Con i “diritti umani” nell’Occidente liberale, democratico, illuminista, non si scherza. In nome loro siamo disposti a fare delle vere carneficine. Siamo i nuovi Robin Hood, cavalieri senza macchia e senza paura che difendono i Deboli contro i Forti, il Bene contro il Male che per noi è sempre Assoluto e non può avere dalla sua ragione alcuna. L’Occidente si è sostituito a Dio e amministra la Giustizia Universale, attraverso una sua polizia internazionale chiamata Nato alla cui testa c’è un Paese dalla morale specchiatissima, il vero faro della “cultura superiore”, l’unico ad aver sganciato l’Atomica, il solo ad avere praticato, in tempi moderni, la schiavitù, scomparsa dall’epoca romana, che ha avuto fino a mezzo secolo fa l’apartheid, che nel dopoguerra si è reso protagonista, secondo un conteggio di Gore Vidal, di 166 attacchi ad altri Stati non motivati da aggressioni nei suoi confronti, che ha 66 basi militari in 19 Paesi del mondo (senza contare quelle dell’Alleanza Atlantica, che son poi ancora basi Usa) e la cui storia è cominciata con un genocidio, anche a base di “armi chimiche” (whisky) su un popolo praticamente inerme (Winchester contro frecce).
In Serbia, in nome dei “diritti umani”, si fecero 5500 vittime civili, di cui 500 erano albanesi cioè quelli che si intendeva difendere, si è perpetrata (dopo quella del presidente croato Tudjman, nostro alleato: 800 mila serbi cacciati in un solo giorno dalle krajne) la più grande “pulizia etnica” dei Balcani: dei 360 mila serbi che vivevano in Kosovo ne sono rimasti solo 60 mila. In compenso c’è la più grande base americana del mondo. Ma questo era solo l’esordio dei “diritti umani”. In Iraq l’intervento americano ha provocato 170 mila morti, infinitamente di più di quanti ne avesse fatti Saddam Hussein in decenni di satrapia (il calcolo è stato fatto, molto semplicemente, da una rivista medica inglese confrontando i decessi dell’era Saddam con gli anni dell’intervento americano). Ma non è finita perché, acquisito l’Iraq come neoprotettorato Usa, si è innescata una feroce guerra civile fra sciiti e sunniti con decine e a volte centinaia di morti quasi ogni giorno, divenuti cosa così abituale che la stampa occidentale non ne dà più notizia, a meno che non venga accoppato qualche cristiano e allora ci sono le geremiadi del Papa che non ha mai speso una parola, dicansi una, per le vittime civili, adulti maschi, vecchi, donne, bambini, provocate dai bombardamenti Nato in Afghanistan.

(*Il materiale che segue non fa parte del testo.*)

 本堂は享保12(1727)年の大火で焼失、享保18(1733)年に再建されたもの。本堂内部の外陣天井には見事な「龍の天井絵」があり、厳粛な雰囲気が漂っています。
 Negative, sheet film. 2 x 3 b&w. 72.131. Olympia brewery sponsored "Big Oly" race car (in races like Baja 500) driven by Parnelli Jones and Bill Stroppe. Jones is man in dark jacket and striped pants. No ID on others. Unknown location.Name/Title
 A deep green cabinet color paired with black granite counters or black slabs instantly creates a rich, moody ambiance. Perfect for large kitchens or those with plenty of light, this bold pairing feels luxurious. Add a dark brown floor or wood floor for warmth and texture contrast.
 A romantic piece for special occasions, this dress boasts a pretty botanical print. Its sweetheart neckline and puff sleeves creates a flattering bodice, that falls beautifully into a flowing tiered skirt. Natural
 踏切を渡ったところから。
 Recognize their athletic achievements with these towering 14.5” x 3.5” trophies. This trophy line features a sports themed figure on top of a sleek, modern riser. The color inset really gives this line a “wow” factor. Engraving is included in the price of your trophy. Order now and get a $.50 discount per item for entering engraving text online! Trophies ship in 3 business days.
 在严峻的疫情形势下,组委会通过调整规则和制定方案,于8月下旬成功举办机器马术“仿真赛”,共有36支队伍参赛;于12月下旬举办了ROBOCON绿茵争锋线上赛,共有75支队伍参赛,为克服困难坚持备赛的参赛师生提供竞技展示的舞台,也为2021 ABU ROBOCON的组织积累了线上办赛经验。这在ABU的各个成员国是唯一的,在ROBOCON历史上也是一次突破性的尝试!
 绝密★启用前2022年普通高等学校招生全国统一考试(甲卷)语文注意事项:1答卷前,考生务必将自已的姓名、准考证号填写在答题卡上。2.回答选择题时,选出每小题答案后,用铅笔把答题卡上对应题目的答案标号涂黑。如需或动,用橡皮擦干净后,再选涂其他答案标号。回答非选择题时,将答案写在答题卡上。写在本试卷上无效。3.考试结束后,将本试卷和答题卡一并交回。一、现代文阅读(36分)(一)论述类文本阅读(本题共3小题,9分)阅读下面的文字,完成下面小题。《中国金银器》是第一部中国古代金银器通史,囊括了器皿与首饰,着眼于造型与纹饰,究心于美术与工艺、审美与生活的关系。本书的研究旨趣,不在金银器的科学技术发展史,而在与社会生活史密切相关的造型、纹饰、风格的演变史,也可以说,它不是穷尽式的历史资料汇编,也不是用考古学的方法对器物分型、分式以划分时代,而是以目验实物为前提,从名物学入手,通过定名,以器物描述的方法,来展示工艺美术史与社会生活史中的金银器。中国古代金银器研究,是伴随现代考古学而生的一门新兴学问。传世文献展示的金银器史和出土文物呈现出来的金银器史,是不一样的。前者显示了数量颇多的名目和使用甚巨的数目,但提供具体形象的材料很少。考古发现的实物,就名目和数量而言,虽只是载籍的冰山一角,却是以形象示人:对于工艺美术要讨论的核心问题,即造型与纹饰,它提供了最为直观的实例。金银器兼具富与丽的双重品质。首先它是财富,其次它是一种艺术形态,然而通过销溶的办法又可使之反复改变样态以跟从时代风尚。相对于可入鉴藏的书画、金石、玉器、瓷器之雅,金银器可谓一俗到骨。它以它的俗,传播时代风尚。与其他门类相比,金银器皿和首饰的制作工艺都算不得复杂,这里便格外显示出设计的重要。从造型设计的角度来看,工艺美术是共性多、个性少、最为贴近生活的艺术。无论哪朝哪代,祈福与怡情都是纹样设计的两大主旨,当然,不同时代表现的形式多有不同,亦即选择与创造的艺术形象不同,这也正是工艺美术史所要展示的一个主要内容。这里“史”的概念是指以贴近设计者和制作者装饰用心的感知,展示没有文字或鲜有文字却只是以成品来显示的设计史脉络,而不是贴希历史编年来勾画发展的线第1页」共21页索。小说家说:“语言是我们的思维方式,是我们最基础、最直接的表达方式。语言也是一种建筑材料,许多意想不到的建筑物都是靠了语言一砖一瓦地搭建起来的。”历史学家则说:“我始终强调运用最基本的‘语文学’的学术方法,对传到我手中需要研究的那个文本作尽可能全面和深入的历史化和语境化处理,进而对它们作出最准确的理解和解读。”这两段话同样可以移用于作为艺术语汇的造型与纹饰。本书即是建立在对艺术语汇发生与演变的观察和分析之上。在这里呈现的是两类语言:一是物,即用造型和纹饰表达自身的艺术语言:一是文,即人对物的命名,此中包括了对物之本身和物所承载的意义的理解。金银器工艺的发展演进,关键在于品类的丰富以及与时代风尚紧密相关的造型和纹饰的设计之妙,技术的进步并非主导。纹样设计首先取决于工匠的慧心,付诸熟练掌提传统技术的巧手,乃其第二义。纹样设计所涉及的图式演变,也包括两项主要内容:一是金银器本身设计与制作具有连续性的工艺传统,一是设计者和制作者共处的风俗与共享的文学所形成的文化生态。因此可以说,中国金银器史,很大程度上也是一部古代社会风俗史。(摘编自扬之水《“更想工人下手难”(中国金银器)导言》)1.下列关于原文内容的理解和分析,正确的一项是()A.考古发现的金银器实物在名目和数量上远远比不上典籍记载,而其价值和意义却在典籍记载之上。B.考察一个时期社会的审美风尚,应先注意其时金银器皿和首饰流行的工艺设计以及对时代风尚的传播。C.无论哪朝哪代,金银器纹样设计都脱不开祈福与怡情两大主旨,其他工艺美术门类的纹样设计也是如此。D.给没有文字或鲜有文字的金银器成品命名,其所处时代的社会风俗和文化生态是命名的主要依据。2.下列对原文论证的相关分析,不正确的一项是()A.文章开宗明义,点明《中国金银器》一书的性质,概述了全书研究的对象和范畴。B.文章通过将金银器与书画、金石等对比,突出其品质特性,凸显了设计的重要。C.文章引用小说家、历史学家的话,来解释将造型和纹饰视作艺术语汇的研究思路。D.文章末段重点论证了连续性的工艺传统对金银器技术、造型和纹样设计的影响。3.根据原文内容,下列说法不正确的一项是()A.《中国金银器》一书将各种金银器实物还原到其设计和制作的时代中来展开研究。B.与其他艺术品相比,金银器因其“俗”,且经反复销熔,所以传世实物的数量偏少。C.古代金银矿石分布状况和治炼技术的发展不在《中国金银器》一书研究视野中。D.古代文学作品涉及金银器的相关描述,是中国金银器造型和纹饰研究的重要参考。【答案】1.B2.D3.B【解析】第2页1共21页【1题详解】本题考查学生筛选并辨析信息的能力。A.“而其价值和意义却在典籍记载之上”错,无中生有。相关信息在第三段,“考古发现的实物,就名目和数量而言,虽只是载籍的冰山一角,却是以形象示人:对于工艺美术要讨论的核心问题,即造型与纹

Recita un rapporto Onu del 2009: «La maggioranza delle vittime civili (circa 60 mila, ndr) è causata dai bombardamenti della Nato». Perché i difensori dei “diritti umani”, i cavalieri senza macchia e senza paura, non hanno nemmeno più il coraggio di combattere. «Se potessi» ha detto Barack Obama «manderei in Afghanistan solo i robot, per risparmiare la vita dei nostri soldati». E gli afgani? E i Talebani? Non sono uomini propriamente detti, non appartengono alla “cultura superiore”. Ma il combattente che non combatte, approfittando della sua enorme superiorità tecnologica, perde ogni legittimità. In Afghanistan come in Libia.